Exercise aim: Exactly the lines from the beginning of the listing below through the line that contains "2012第十四届国家级工艺美" should be transcribed, and pictures must stay out.

Information shown:
- Opening Delimiter -

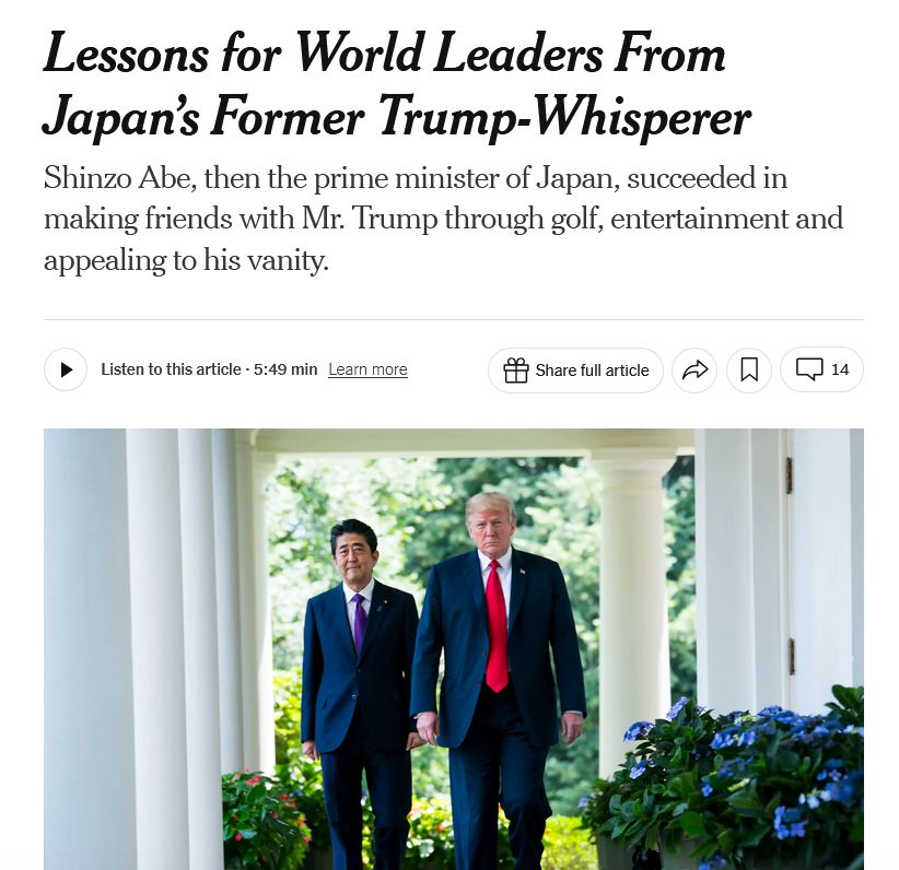 아베 신조와 트럼프라면 이것이 기억나네요.
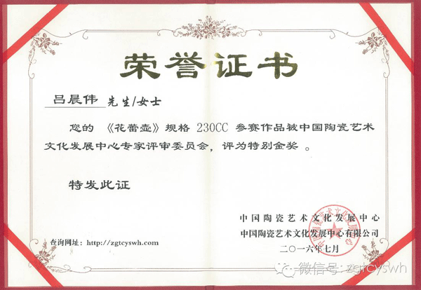 2012第十四届国家级工艺美术大师精品博览会中,《合菱》获得金奖。2013年9月在太原首届紫泥素韵紫砂艺术展评比中,《高登》荣获金奖。
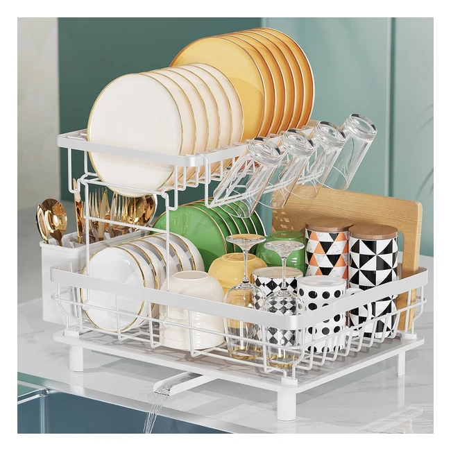 Upgrade your kitchen with our large dish drying rack featuring an automatic drainage system and a double-decked design for all your cookware needs. Stable construction with anti-slip feet. Get yours now!

- Closing Delimiter -

Response:
 아베 신조와 트럼프라면 이것이 기억나네요.
 2012第十四届国家级工艺美术大师精品博览会中,《合菱》获得金奖。2013年9月在太原首届紫泥素韵紫砂艺术展评比中,《高登》荣获金奖。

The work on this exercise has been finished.